Sonderbehandlung was part of the mystical imperative to kill all Jews; and once Auschwitz took on that imperative, any Jewish arrival or prisoner could be experienced by the Nazi doctor’s Auschwitz self as designated for death, and, psychologically speaking, as already dead. Killing someone already dead need not be experienced as murder. And since Jews, long the Nazis’ designated victim, were more generally perceived as carriers of death, or bearers of the death taint, they became “doubly dead.” Just as one could not kill people already dead, one could do them no harm however one mutilated their bodies in medical experimentation. The human experiments performed by Nazi doctors (chapter 15), while tangential to questions of ecology, were fully consistent with the regime’s larger biomedical vision.

For their regulation of the Auschwitz ecology, SS doctors needed the actual medical work of prisoner doctors, who in turn needed SS doctors to make that work possible — to keep others alive and stay alive themselves. What resulted were profound conflicts within prisoner doctors concerning their relationship to the Auschwitz ecology and to their SS masters as they (the prisoner doctors) struggled to remain free of selections (chapter 11) and to retain a genuinely healing function (chapter 12).

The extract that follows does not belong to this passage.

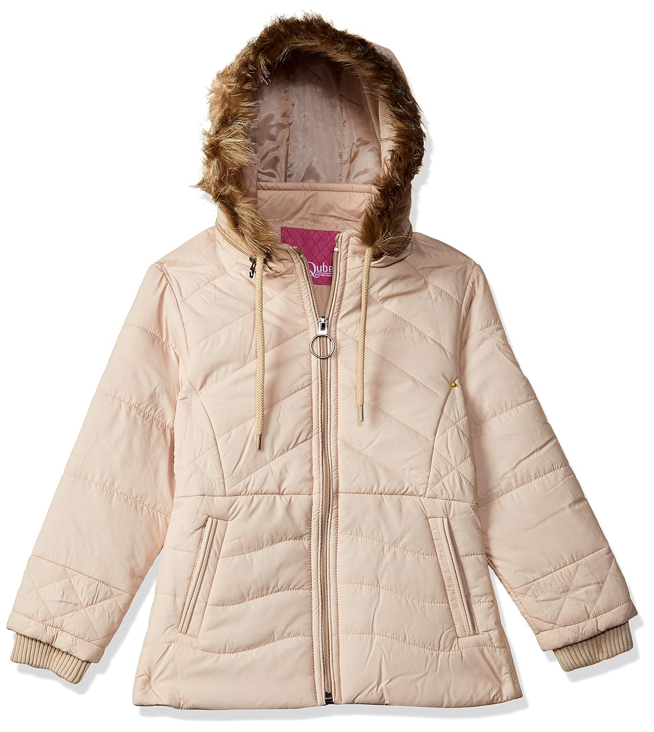 Qube By Fort Collins Girl's Quilted Regular fit Jacket (69187AZ_Beige_28)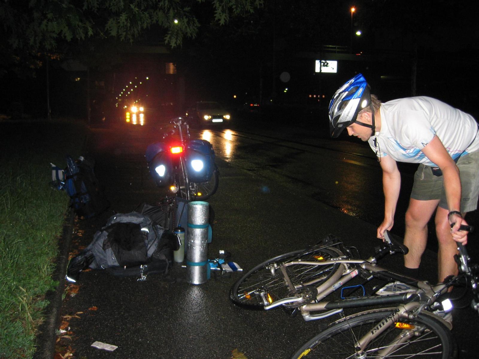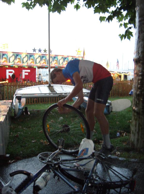 ![]() Fixing a flat in the rain next to the Fêtes de Genève festival area. 594x800 (65 kB) 1189x1600 (187 kB) |

There were antagonisms among these prisoner doctors along with a few examples of close identification with Nazi medical policies (chapter 13). But it was the SS doctors who pulled the strings, who, while not without their own significant inner conflict, managed to adapt sufficiently to the Auschwitz system to maintain its medicalized killing (chapter 10). Their adaptation involved the process I call “doubling,” which permitted them to select for the gas chamber without seeing themselves as killers.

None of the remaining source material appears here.